DATASET RECORDS START

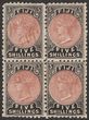 1881-99 QV 1/- brown blk of 4, perf 11 x 11¾. Superb fresh MUH. Scott 44 cat US$240 for M singles. SG 67a cat £260 for M singles, should be at least double, £520 MUH, plus premium for blk. Beautiful quality multiple. (P)
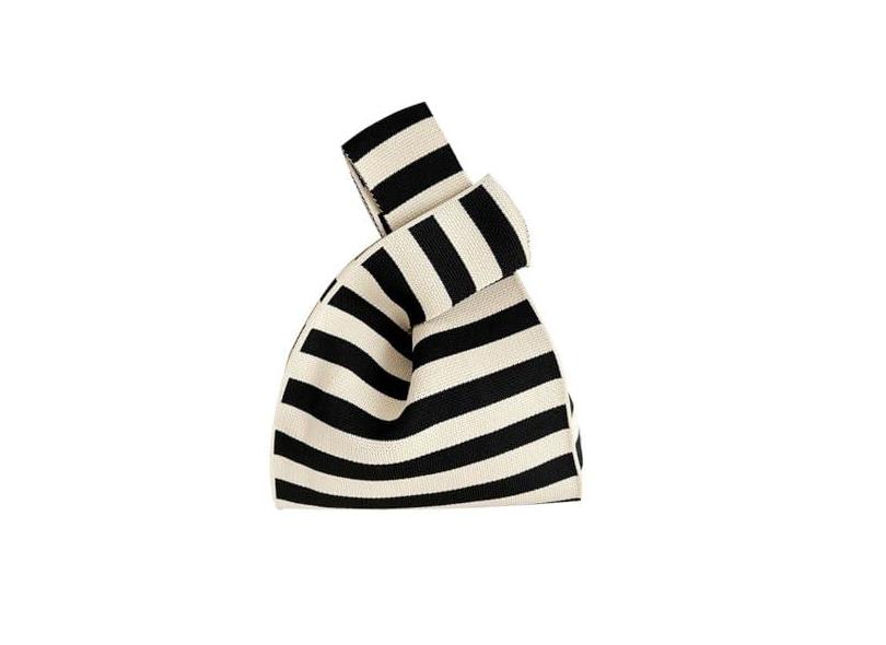 Aaspad Bolsa de mão de malha para mulheres, bolsa de mão, bolsa de mão para celular, bolsa clutch de bolso, alça de crochê, pequena, Barra branca + preta
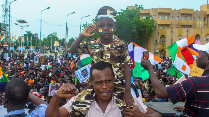 Move comes as thousands gather at a stadium in the capital Niamey in support of the coup-makers.
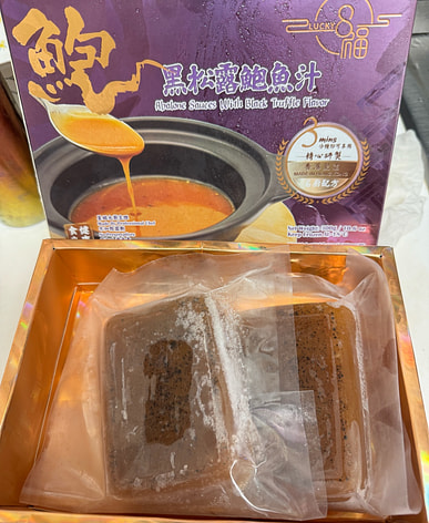 I made Buddha Jumps Over the Wall soup and heated up a packet of abalone sauce. I used the abalone, sea cucumber, and conch slices from the soup to dip in the sauce, and it tasted pretty good.
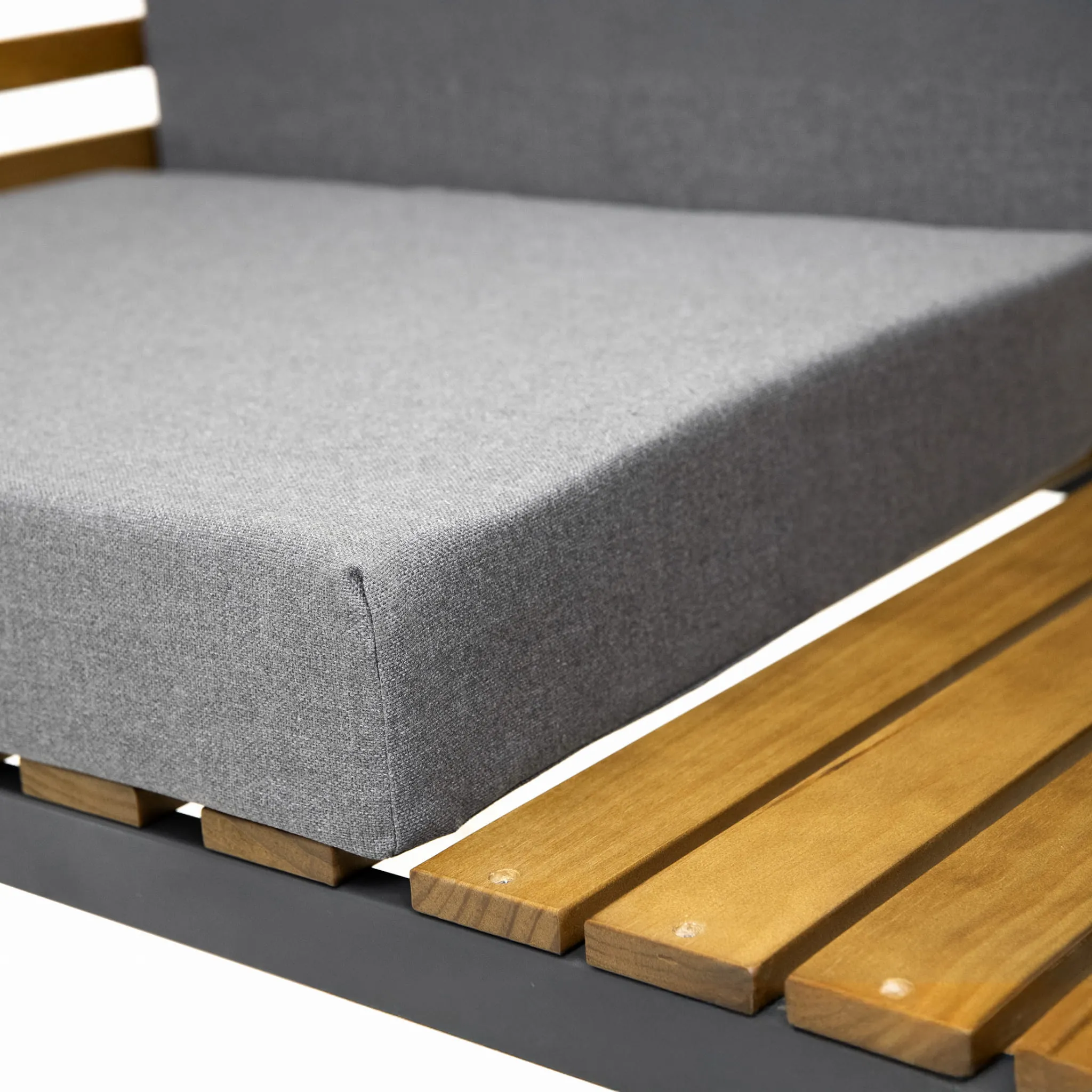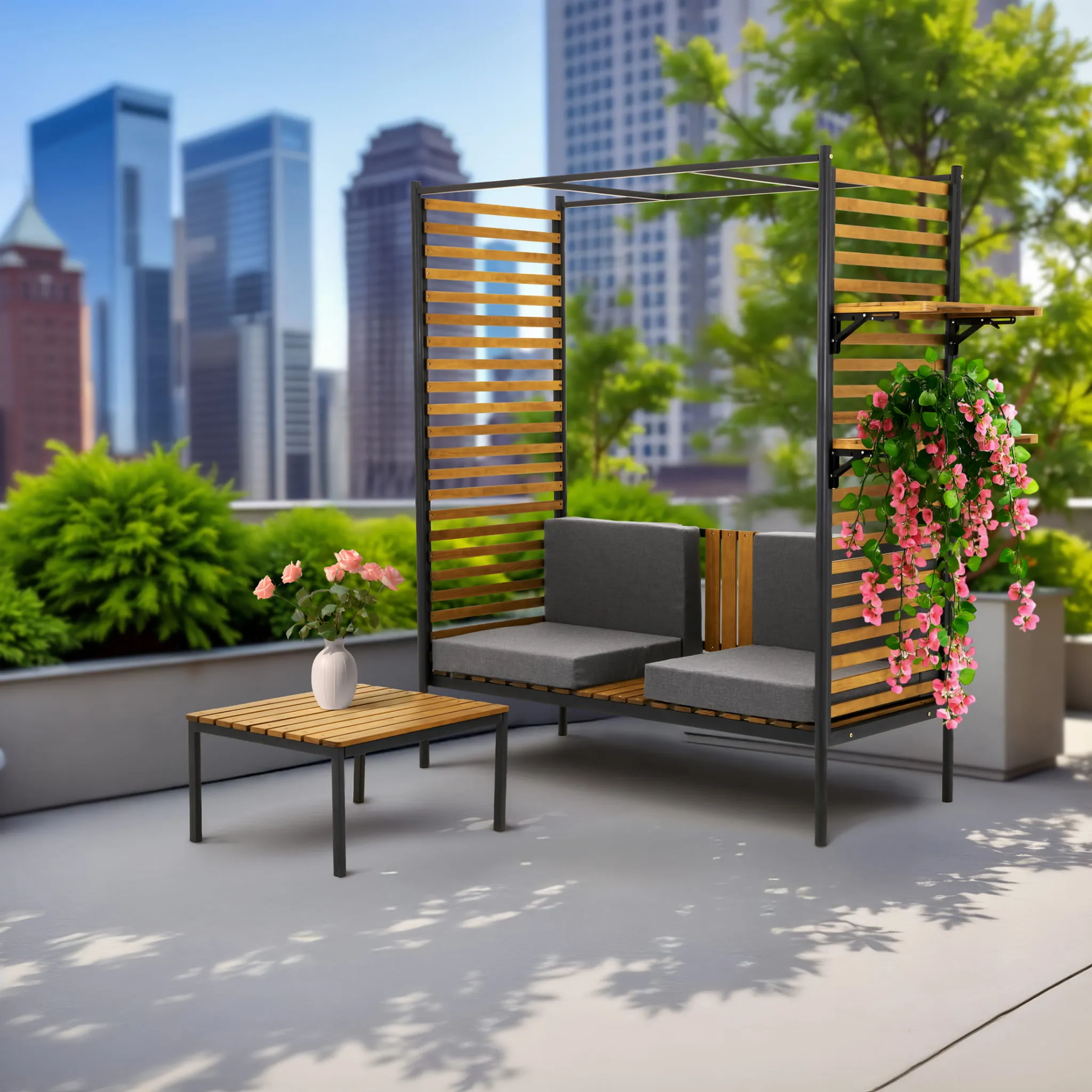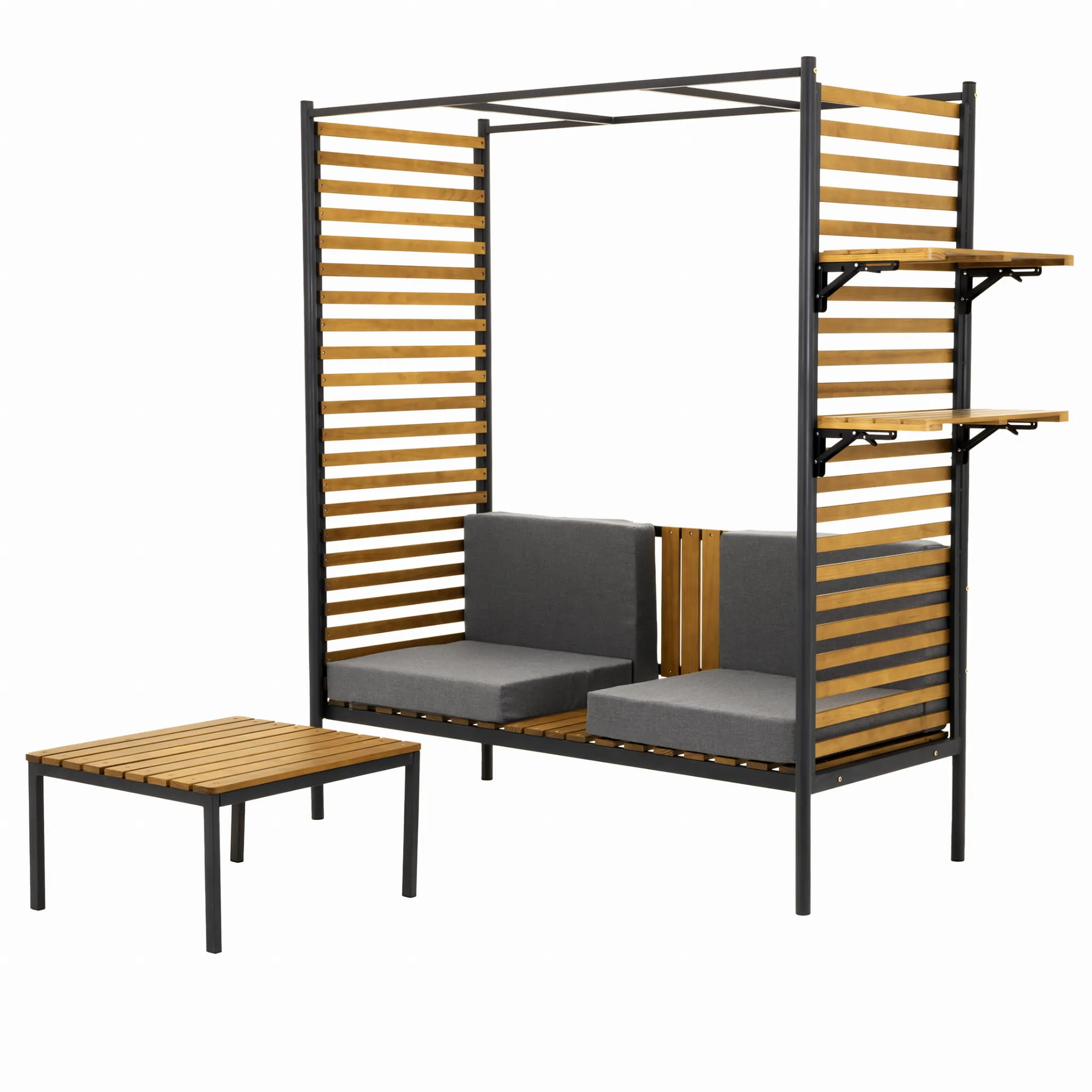 Ławka nie tylko zapewnia wygodę, dzięki wysokiemu oparciu, ale też kryje w sobie sprytnie wkomponowane półki, na których możesz ustawić kwiaty, książki, lampiony – wszystko, co uczyni to miejsce naprawdę twoim.

DATASET RECORDS END

== ABOUT THIS TASK ==
Restate the records above word for word, without the pictures.

== REPLY ==
 1881-99 QV 1/- brown blk of 4, perf 11 x 11¾. Superb fresh MUH. Scott 44 cat US$240 for M singles. SG 67a cat £260 for M singles, should be at least double, £520 MUH, plus premium for blk. Beautiful quality multiple. (P)
 Aaspad Bolsa de mão de malha para mulheres, bolsa de mão, bolsa de mão para celular, bolsa clutch de bolso, alça de crochê, pequena, Barra branca + preta
 Move comes as thousands gather at a stadium in the capital Niamey in support of the coup-makers.
 I made Buddha Jumps Over the Wall soup and heated up a packet of abalone sauce. I used the abalone, sea cucumber, and conch slices from the soup to dip in the sauce, and it tasted pretty good.
 Ławka nie tylko zapewnia wygodę, dzięki wysokiemu oparciu, ale też kryje w sobie sprytnie wkomponowane półki, na których możesz ustawić kwiaty, książki, lampiony – wszystko, co uczyni to miejsce naprawdę twoim.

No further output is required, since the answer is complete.